§ **Listed entries**
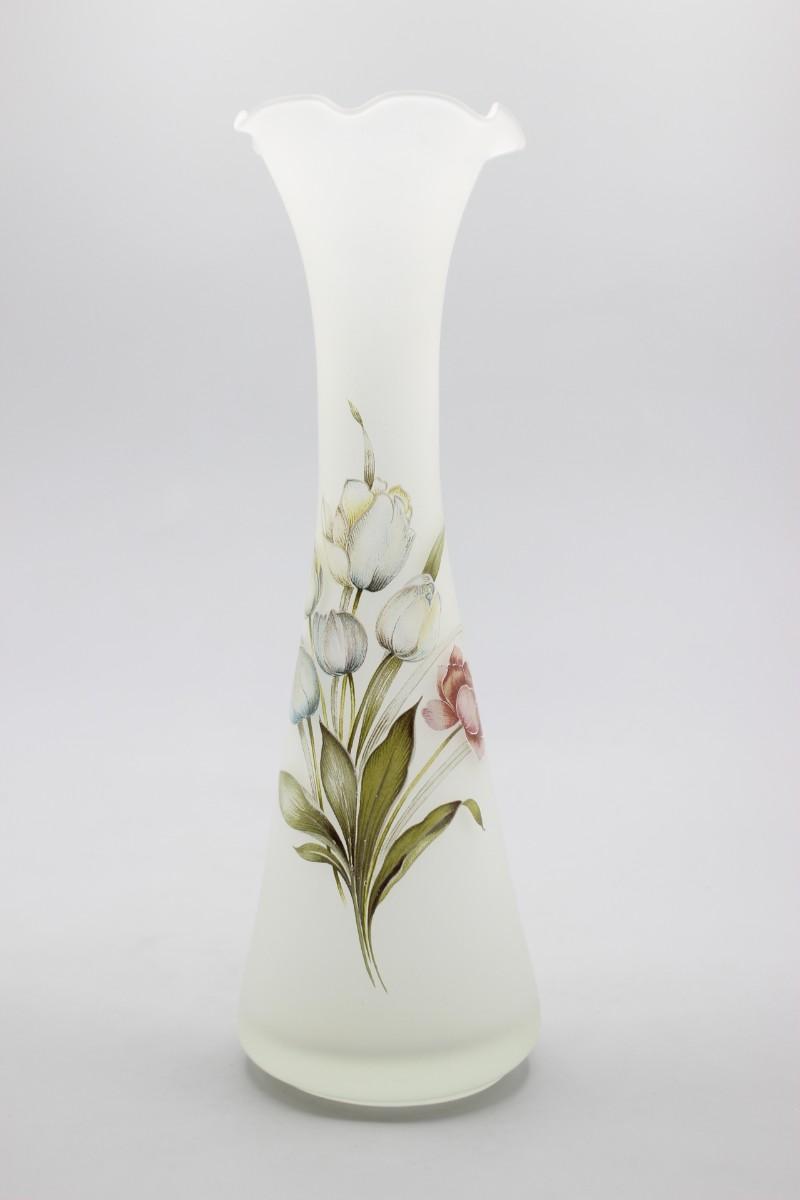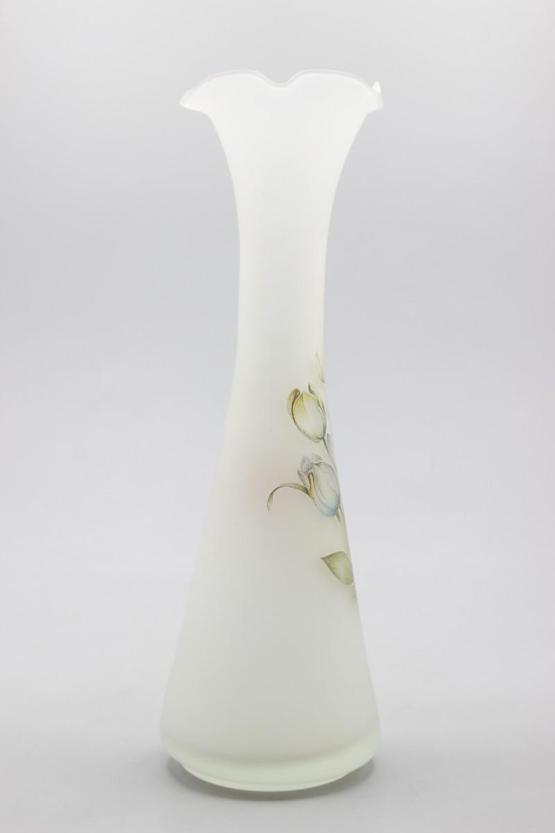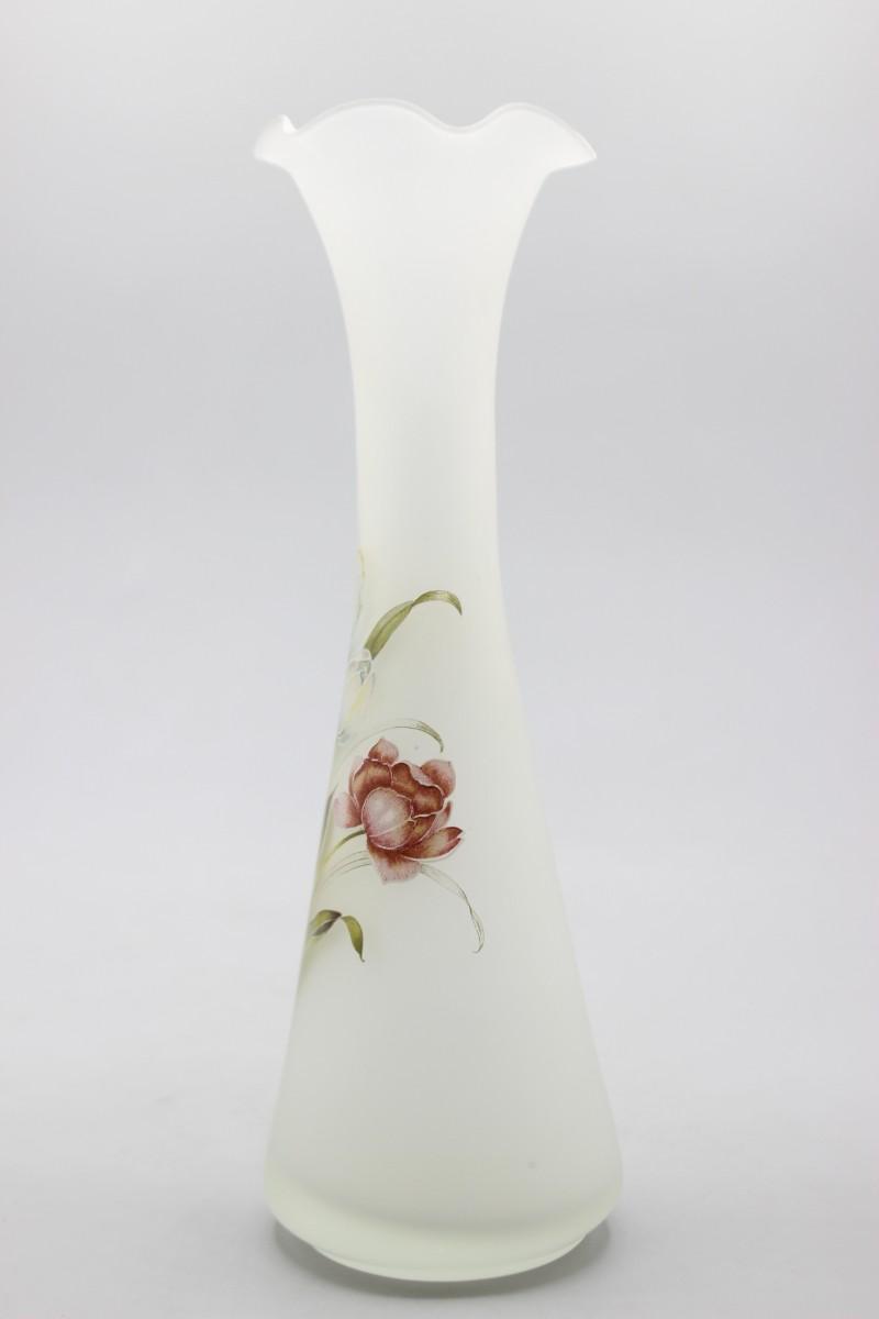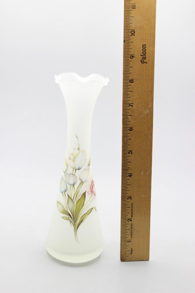 Vintage Vase Viking Frosted Glass Art Mid Century Bud Vase hand painted flowers
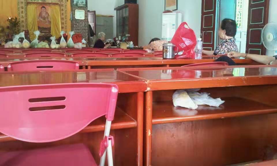第六第八图,我为居士颂佛听讲处。我来时,几位老年居士正趴桌上午睡,堂前有她们带来的供果,俱是白发苍苍。我,也在此静坐,歇一歇吧
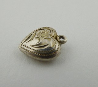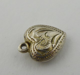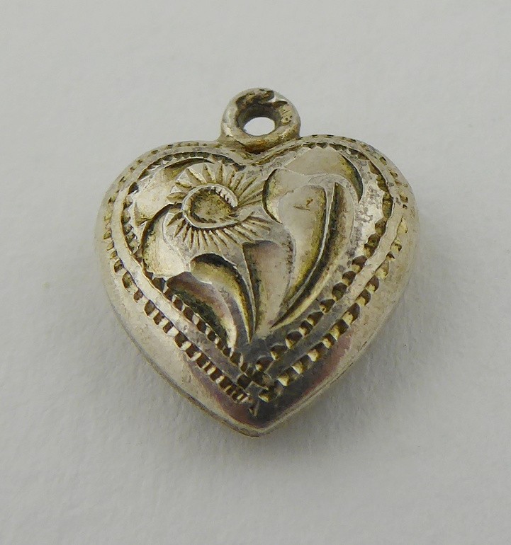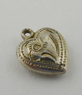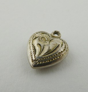 Československo, Jablonecko 1949 - 1957. Stříbro. Ryzost Ag 835/1000, celková hmotnost 0,9 g. Výrobce: Jablonecká Bižuterie, národní podnik sdružující stříbrníky a zlatníky po zrušení živností z let 1945 - 1951. Rozměr přívěsku: 10 mm x 10 mm. Malý přívěsek v podobě srdíčka ze stříbra s gravírovaným ornamentem. Značeno: československý punc kamzík a značka výrobce.
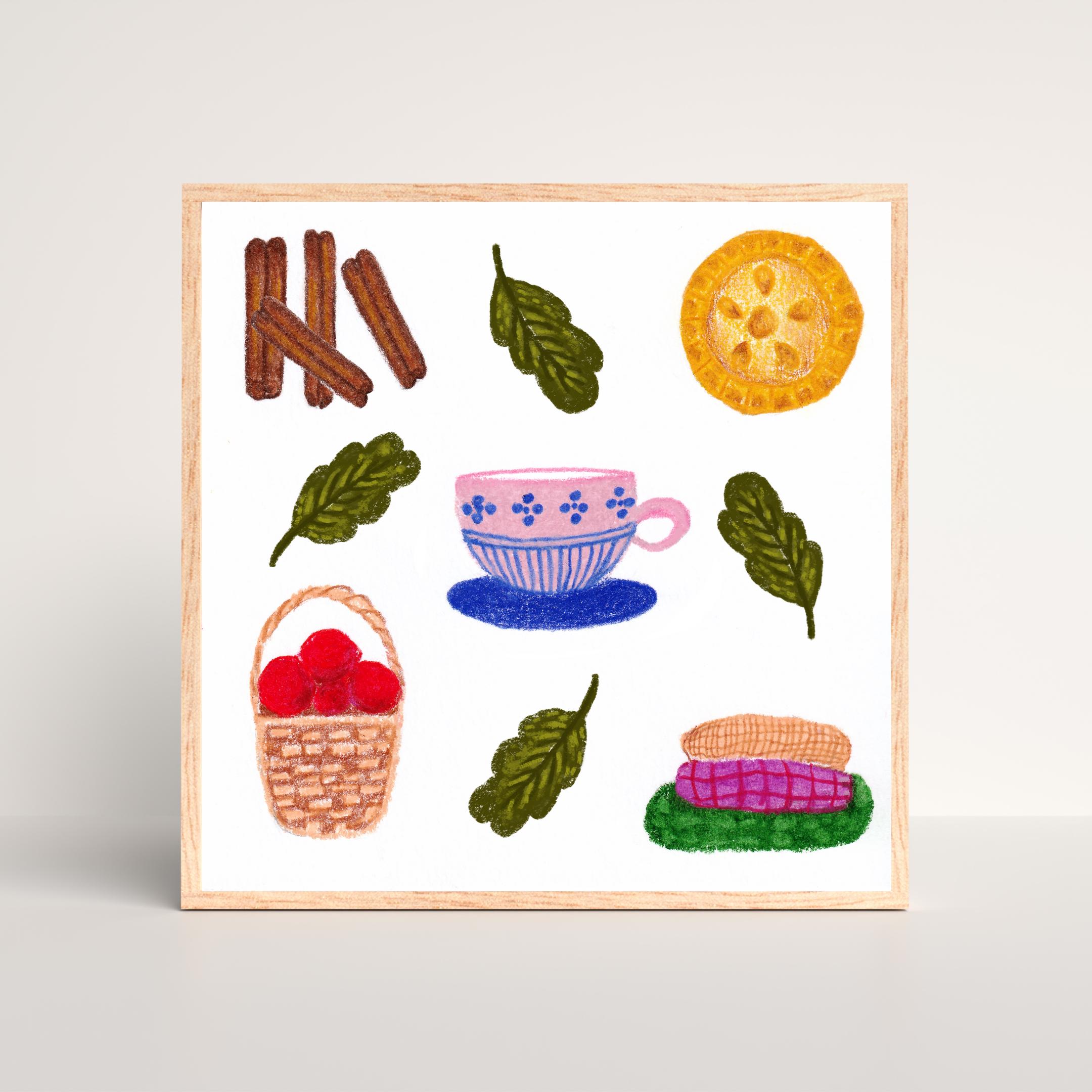 Embrace the warmth and coziness of autumn with this giclée art print featuring a bountiful apple basket, a steaming cup of tea, a freshly baked apple pie, and fragrant cinnamon sticks. The rich, earthy tones and textured details, created with oil pastels, capture the essence of the fall harvest season making it a perfect house warming gift. Display it in your home to enhance your dinner room decor or to create a welcoming atmosphere that evokes the comfort and flavors of autumn. Perfect Gift for Fall Lovers! Each meticulously crafted giclée art print in our collection is designed to infuse your space with the charm of autumn. Whether you choose one or curate a gallery wall, these pieces are sure to evoke the feelings of crisp air, comforting scents, and the vibrant beauty of fall in your decor. Transform your surroundings into a haven of autumnal delight with these evocative artworks.
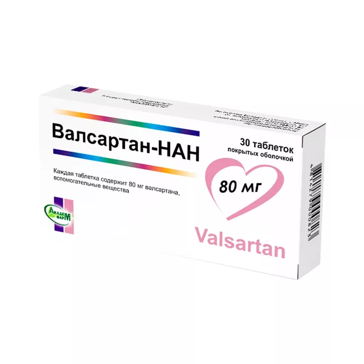 Валсартан-НАН 80 мг таблетки покрытые оболочкой 30 шт

§ **Task statement**
For this answer, return word for word the lines from the first line of the records through the line containing "Československo, Jablonecko 1949". Omit the pictures.

§ **Expected answer**
 Vintage Vase Viking Frosted Glass Art Mid Century Bud Vase hand painted flowers
第六第八图,我为居士颂佛听讲处。我来时,几位老年居士正趴桌上午睡,堂前有她们带来的供果,俱是白发苍苍。我,也在此静坐,歇一歇吧
 Československo, Jablonecko 1949 - 1957. Stříbro. Ryzost Ag 835/1000, celková hmotnost 0,9 g. Výrobce: Jablonecká Bižuterie, národní podnik sdružující stříbrníky a zlatníky po zrušení živností z let 1945 - 1951. Rozměr přívěsku: 10 mm x 10 mm. Malý přívěsek v podobě srdíčka ze stříbra s gravírovaným ornamentem. Značeno: československý punc kamzík a značka výrobce.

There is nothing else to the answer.